Description
The British government’s counter-terrorism policy Prevent Duty puts a legal obligation on employees of specified public authorities to monitor people for signs of radicalisation and to keep them from being drawn into terrorism. The policy has been a point of contention within public discourse with policymakers, academics, and practitioners championing or critiquing the policy. However, beyond the realm of public discourse, there seems to be a grudging consent for Prevent policing amongst the people who have to implement it. This paper aims to explore how this consent is manufactured and what does this tell us about the changing nature of counter-terrorism policing in civic life.
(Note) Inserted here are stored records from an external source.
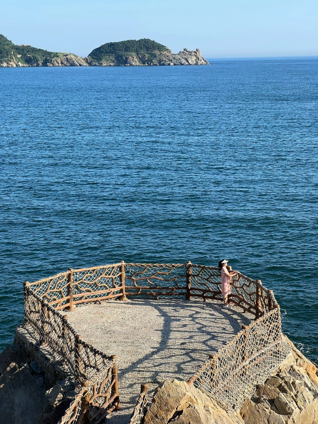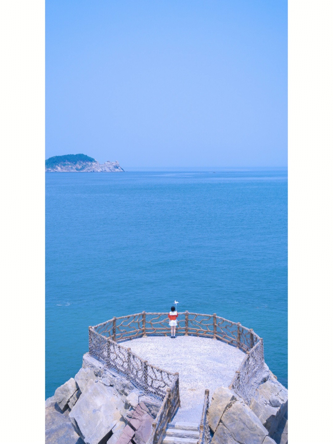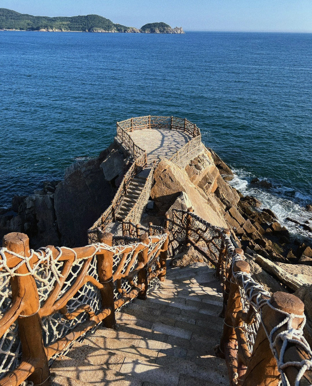 位於中國山東省威海市的貓頭山有著超可愛的外型,遠遠望去就好像一隻趴在海面上的貓咪,而這個一號觀景台就是最適合拍照的打卡點啦~從高處的階梯往下看去,佇立在岩岸上的圓形觀景台欄杆上纏繞著麻繩,就像是船隻的甲板一樣!
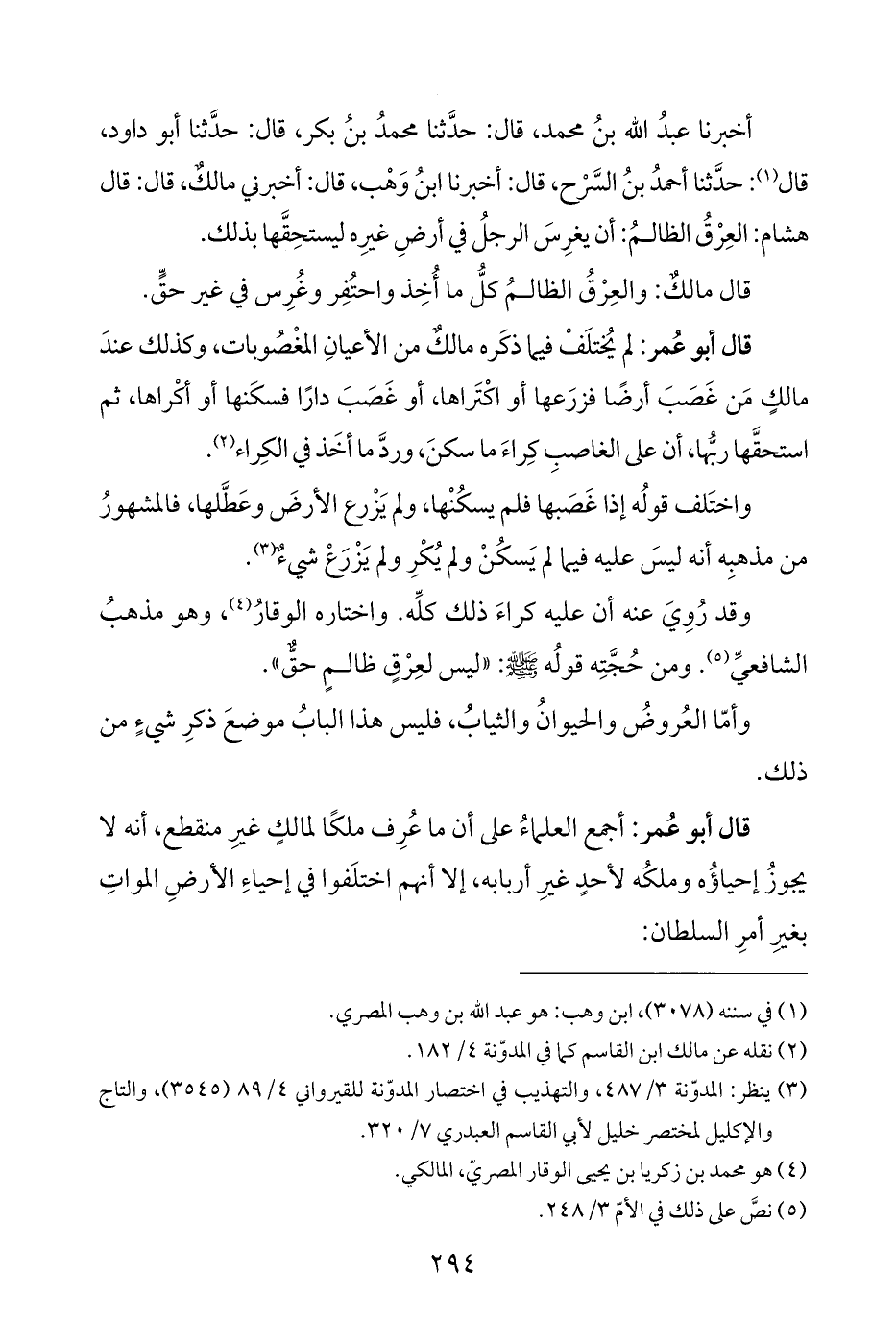 أخبرنا عبدُ الله بنُ محمد، قال: حدَّثنا محمدُ بنُ بكر، قال: حدَّثنا أبو داود، قال (¬١): حدَّثنا أحمدُ بنُ السَّرْح، قال: أخبرنا ابنُ وَهْب، قال: أخبرني مالكٌ، قال: قال هشام: العِرْقُ الظالمُ: أن يغرِسَ الرجلُ في أرضِ غيرِه ليستحِقَّها بذلك.
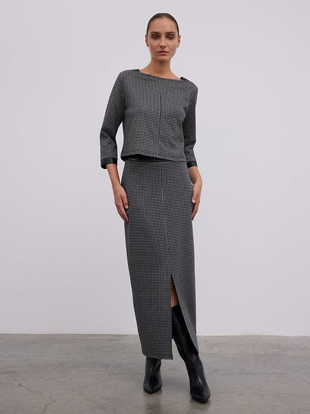 – zapięcie: suwak – dolny brzeg: z rozcięciem- krój: prosty – wzór: pepitka
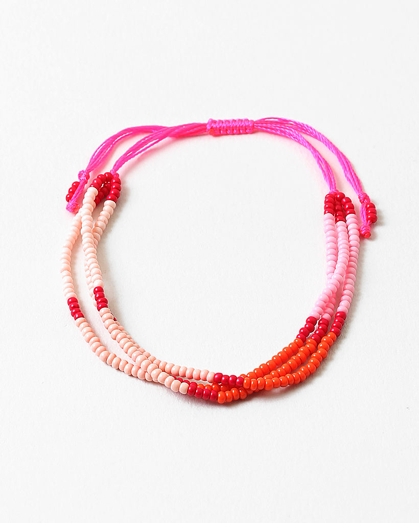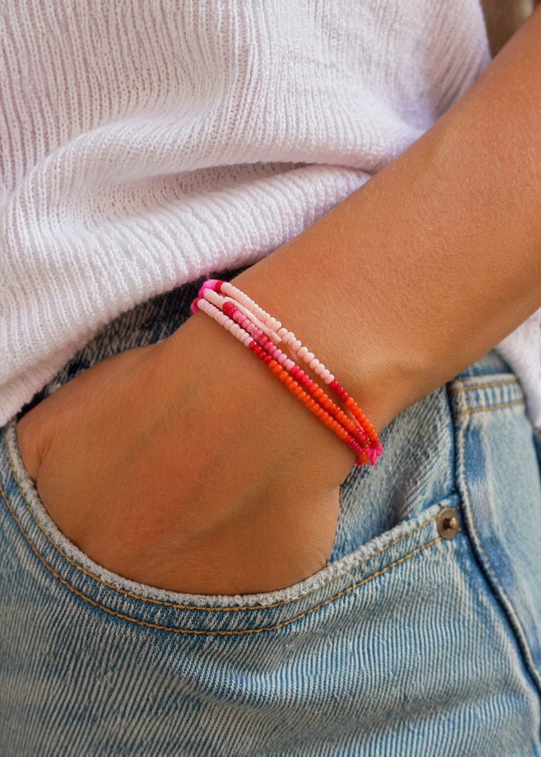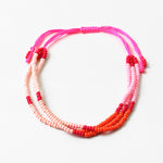 A little piece of golden hour you can wear every day. This easy, adjustable bracelet blends soft blush, vibrant coral, and pops of pink in delicate hand-strung beads—finished with a playful cord that makes it effortless to slip on and go.
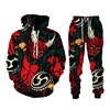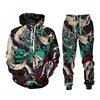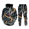 Autumn Winter 3D Oriental Dragon God Printed Men's Hooded Sweater Set Male Sportswear Tracksuit Long Sleeve Men Clothing Suit
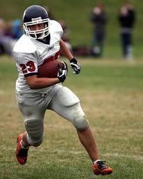 Keywords: football running back ball carrier ball sport action competition player running athlete competitive uniform field grass playing outdoors athletic football player play canadian canada helmet game
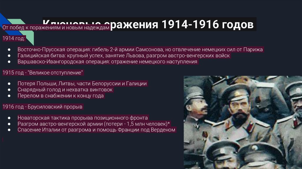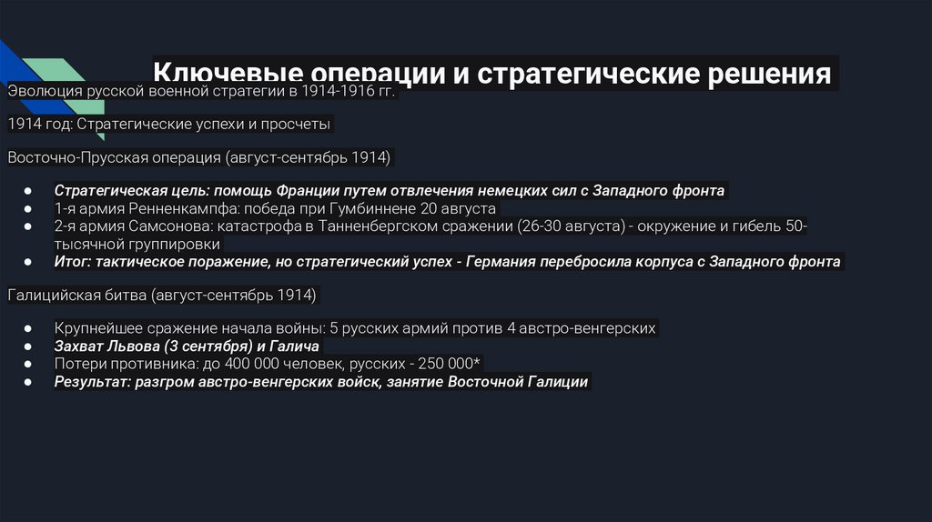 Ключевые операции и стратегические решенияЭволюция русской военной стратегии в 1914-1916 гг.
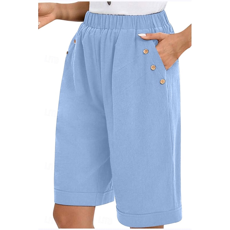 More information about Women's Chinos Shorts Fashion Basic Casual Short High Waist Plain Pocket Drawstring Comfort Outdoor Micro-elastic Vacation Street Daily Grey Yellow Navy Blue Sky Blue Summer Spring Loose Fit
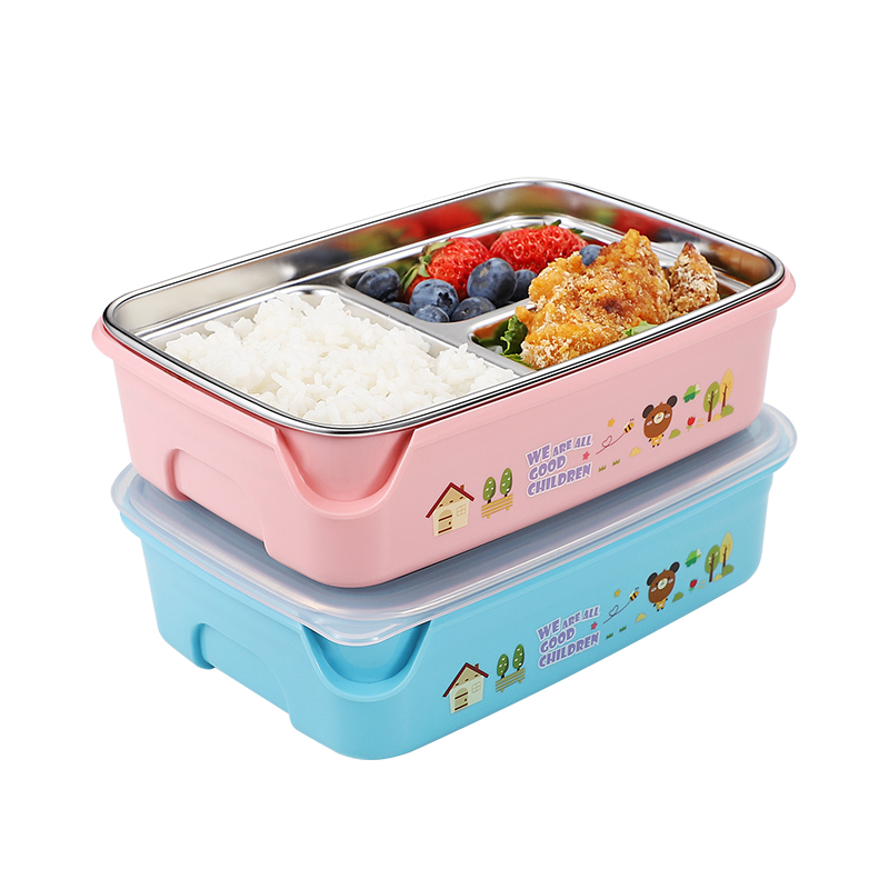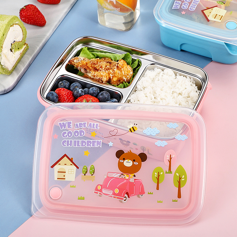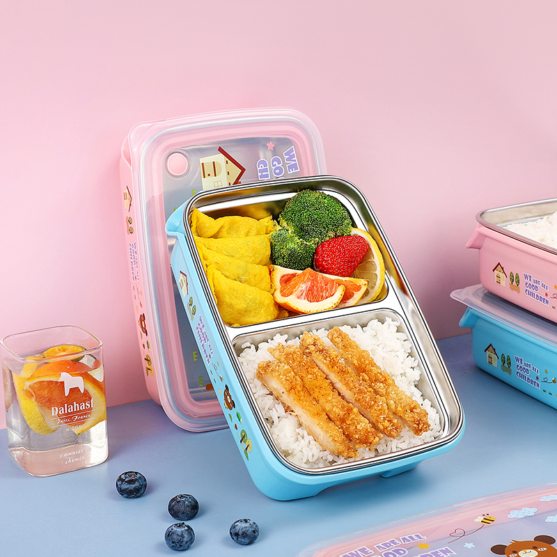 South Korea 304 stainless steel children Elementary school students lunch box Two-three-grid lunch box Lunch Box with Kindergarten Meal Kit Cartoon

Using Gramsci’s concept of hegemony, this paper will demonstrate that the Prevent Duty is being transformed from a coercive juridical instrument into a ‘common sense’ approach by the co-optation of practices such as safeguarding within health, education, and social work sectors. This enquiry is informed by the findings of semi-structured interviews conducted with Prevent co-ordinators and employees of specified authorities in the north of England. These interviews provide insights into how counter-terrorism monitoring is normalised within civic spaces and the nature of consent for this policing, ranging from wholehearted approval to reluctant adoption of Prevent by social workers and health and education practitioners.
Gramsci’s framework of hegemony is useful for this study because it not only explains how the Prevent Duty is neutralised from a policing tool into an act of civic duty, it also helps us chart a course for this hegemonic regime which is moving beyond specific sectors in the society to encompass entire communities of counter-terrorism citizens conducting surveillance as ‘common sense’ practice.